▶ WHAT NEEDS TO BE DONE:
Shown below are entries with pictures; the line with "Mẫu giá đỡ thẻ" through the line with "i caught it in" is the span to retype exactly, and the pictures stay out.

▶ RECORDS SUPPLIED:
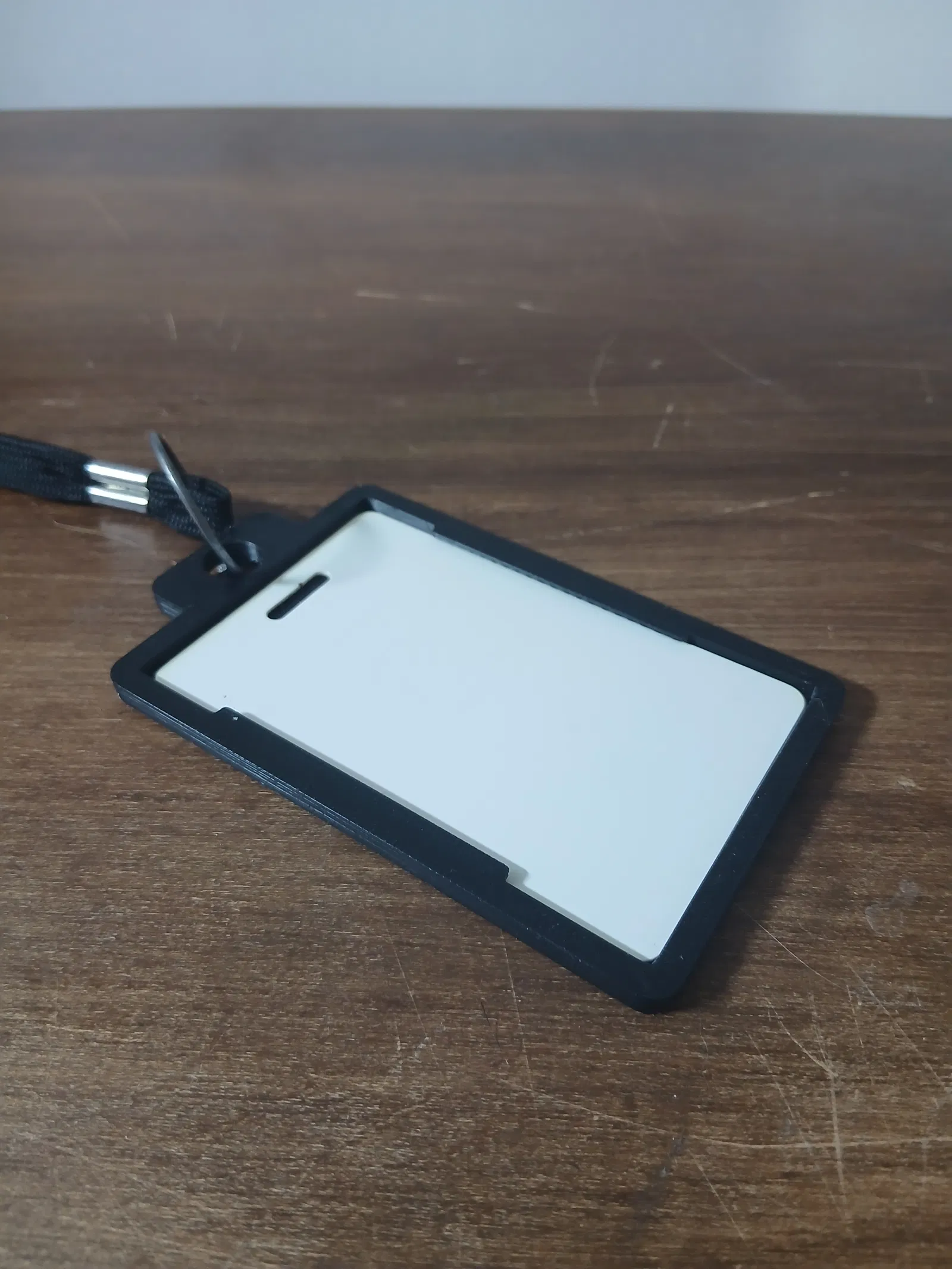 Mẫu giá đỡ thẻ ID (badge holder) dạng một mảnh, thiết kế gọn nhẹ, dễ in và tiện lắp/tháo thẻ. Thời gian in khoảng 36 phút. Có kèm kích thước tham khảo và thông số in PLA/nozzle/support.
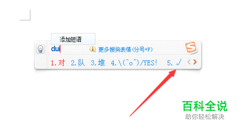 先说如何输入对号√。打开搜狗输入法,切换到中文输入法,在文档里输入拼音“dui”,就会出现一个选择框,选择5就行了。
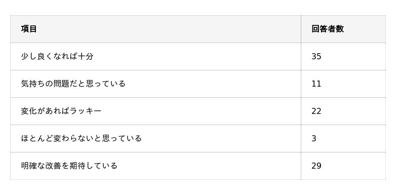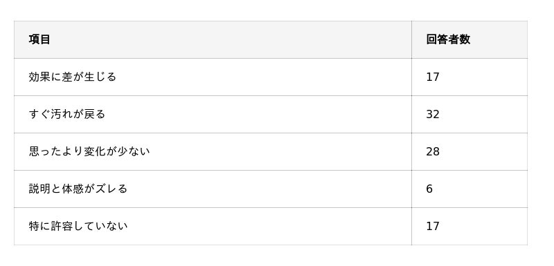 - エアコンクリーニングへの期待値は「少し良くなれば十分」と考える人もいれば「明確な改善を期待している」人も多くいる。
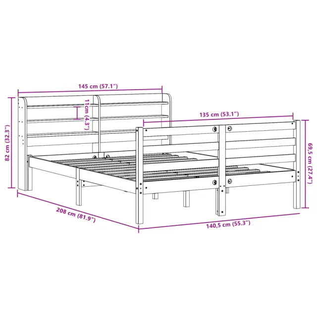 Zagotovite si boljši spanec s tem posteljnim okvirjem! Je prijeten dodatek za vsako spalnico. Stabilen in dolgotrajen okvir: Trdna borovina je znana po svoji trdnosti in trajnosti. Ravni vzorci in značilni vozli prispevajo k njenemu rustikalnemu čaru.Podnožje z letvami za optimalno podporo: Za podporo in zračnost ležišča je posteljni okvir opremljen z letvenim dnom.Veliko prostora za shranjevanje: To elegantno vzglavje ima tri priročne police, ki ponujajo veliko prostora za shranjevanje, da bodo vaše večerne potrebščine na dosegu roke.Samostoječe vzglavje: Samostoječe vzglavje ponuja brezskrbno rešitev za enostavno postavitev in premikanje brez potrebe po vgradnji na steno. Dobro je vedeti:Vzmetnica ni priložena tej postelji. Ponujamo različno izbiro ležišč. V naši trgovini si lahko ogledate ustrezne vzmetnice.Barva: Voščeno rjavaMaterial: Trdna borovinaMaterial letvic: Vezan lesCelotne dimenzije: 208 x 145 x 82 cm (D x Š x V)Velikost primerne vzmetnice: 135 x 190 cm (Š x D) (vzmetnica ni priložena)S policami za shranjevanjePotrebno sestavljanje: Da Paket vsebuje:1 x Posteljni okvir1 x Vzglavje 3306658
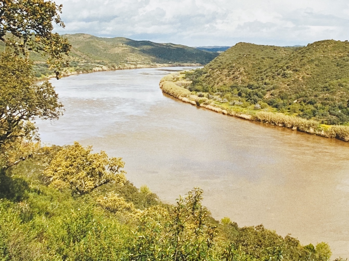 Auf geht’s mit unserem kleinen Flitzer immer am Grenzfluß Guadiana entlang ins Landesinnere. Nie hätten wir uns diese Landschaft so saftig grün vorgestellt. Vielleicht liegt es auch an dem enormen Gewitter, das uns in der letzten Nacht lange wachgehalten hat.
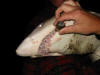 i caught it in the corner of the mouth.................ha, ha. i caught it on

---

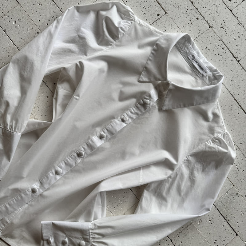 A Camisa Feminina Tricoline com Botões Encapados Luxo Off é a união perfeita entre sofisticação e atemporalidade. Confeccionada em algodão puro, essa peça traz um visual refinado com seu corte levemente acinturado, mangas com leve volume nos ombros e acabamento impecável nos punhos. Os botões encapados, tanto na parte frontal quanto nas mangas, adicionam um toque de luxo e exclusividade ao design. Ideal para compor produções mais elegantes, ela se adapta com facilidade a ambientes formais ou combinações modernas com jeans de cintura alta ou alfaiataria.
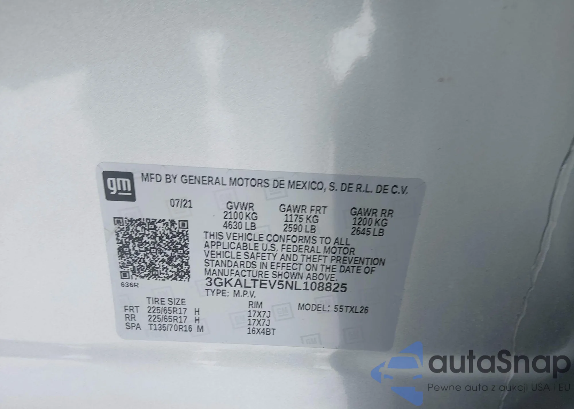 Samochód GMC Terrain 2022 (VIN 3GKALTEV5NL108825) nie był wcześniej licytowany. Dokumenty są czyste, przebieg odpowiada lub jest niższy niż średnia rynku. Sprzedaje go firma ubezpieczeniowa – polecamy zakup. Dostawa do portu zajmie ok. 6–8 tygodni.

▶ ANSWER SECTION:
 Mẫu giá đỡ thẻ ID (badge holder) dạng một mảnh, thiết kế gọn nhẹ, dễ in và tiện lắp/tháo thẻ. Thời gian in khoảng 36 phút. Có kèm kích thước tham khảo và thông số in PLA/nozzle/support.
 先说如何输入对号√。打开搜狗输入法,切换到中文输入法,在文档里输入拼音“dui”,就会出现一个选择框,选择5就行了。
 - エアコンクリーニングへの期待値は「少し良くなれば十分」と考える人もいれば「明確な改善を期待している」人も多くいる。
 Zagotovite si boljši spanec s tem posteljnim okvirjem! Je prijeten dodatek za vsako spalnico. Stabilen in dolgotrajen okvir: Trdna borovina je znana po svoji trdnosti in trajnosti. Ravni vzorci in značilni vozli prispevajo k njenemu rustikalnemu čaru.Podnožje z letvami za optimalno podporo: Za podporo in zračnost ležišča je posteljni okvir opremljen z letvenim dnom.Veliko prostora za shranjevanje: To elegantno vzglavje ima tri priročne police, ki ponujajo veliko prostora za shranjevanje, da bodo vaše večerne potrebščine na dosegu roke.Samostoječe vzglavje: Samostoječe vzglavje ponuja brezskrbno rešitev za enostavno postavitev in premikanje brez potrebe po vgradnji na steno. Dobro je vedeti:Vzmetnica ni priložena tej postelji. Ponujamo različno izbiro ležišč. V naši trgovini si lahko ogledate ustrezne vzmetnice.Barva: Voščeno rjavaMaterial: Trdna borovinaMaterial letvic: Vezan lesCelotne dimenzije: 208 x 145 x 82 cm (D x Š x V)Velikost primerne vzmetnice: 135 x 190 cm (Š x D) (vzmetnica ni priložena)S policami za shranjevanjePotrebno sestavljanje: Da Paket vsebuje:1 x Posteljni okvir1 x Vzglavje 3306658
 Auf geht’s mit unserem kleinen Flitzer immer am Grenzfluß Guadiana entlang ins Landesinnere. Nie hätten wir uns diese Landschaft so saftig grün vorgestellt. Vielleicht liegt es auch an dem enormen Gewitter, das uns in der letzten Nacht lange wachgehalten hat.
 i caught it in the corner of the mouth.................ha, ha. i caught it on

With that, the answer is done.